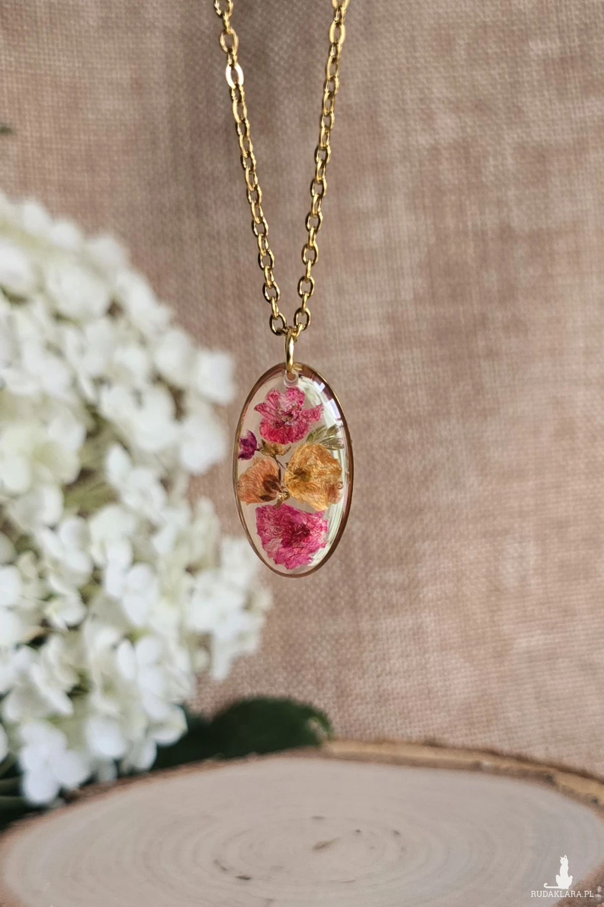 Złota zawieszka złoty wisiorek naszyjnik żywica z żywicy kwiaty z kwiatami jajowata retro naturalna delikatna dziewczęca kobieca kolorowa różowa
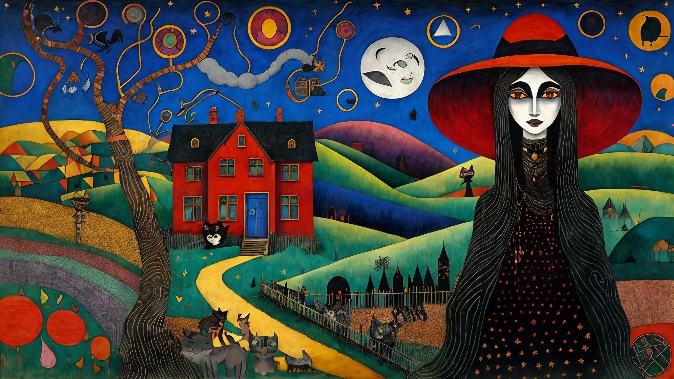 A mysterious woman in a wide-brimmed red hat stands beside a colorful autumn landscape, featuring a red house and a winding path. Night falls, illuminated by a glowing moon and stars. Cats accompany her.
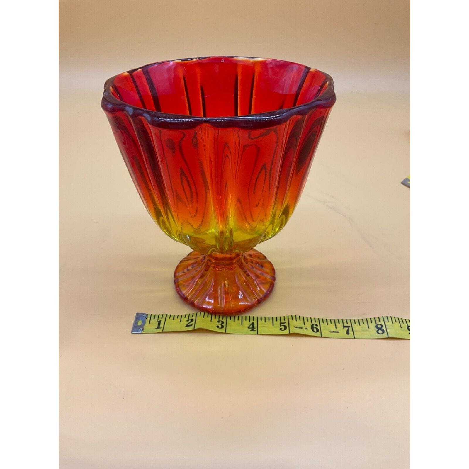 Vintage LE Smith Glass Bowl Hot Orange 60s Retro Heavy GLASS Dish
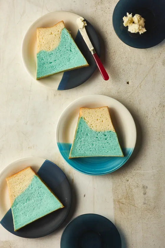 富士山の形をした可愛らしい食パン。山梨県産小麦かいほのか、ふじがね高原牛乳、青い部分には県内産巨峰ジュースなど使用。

* * *

_YOUR GOAL_: Extract the run of lines beginning with the line that holds "Vintage LE Smith" and ending at the last line of the data, inclusive. Exclude any pictures from the copy.

_WRITTEN SOLUTION_:
 Vintage LE Smith Glass Bowl Hot Orange 60s Retro Heavy GLASS Dish
 富士山の形をした可愛らしい食パン。山梨県産小麦かいほのか、ふじがね高原牛乳、青い部分には県内産巨峰ジュースなど使用。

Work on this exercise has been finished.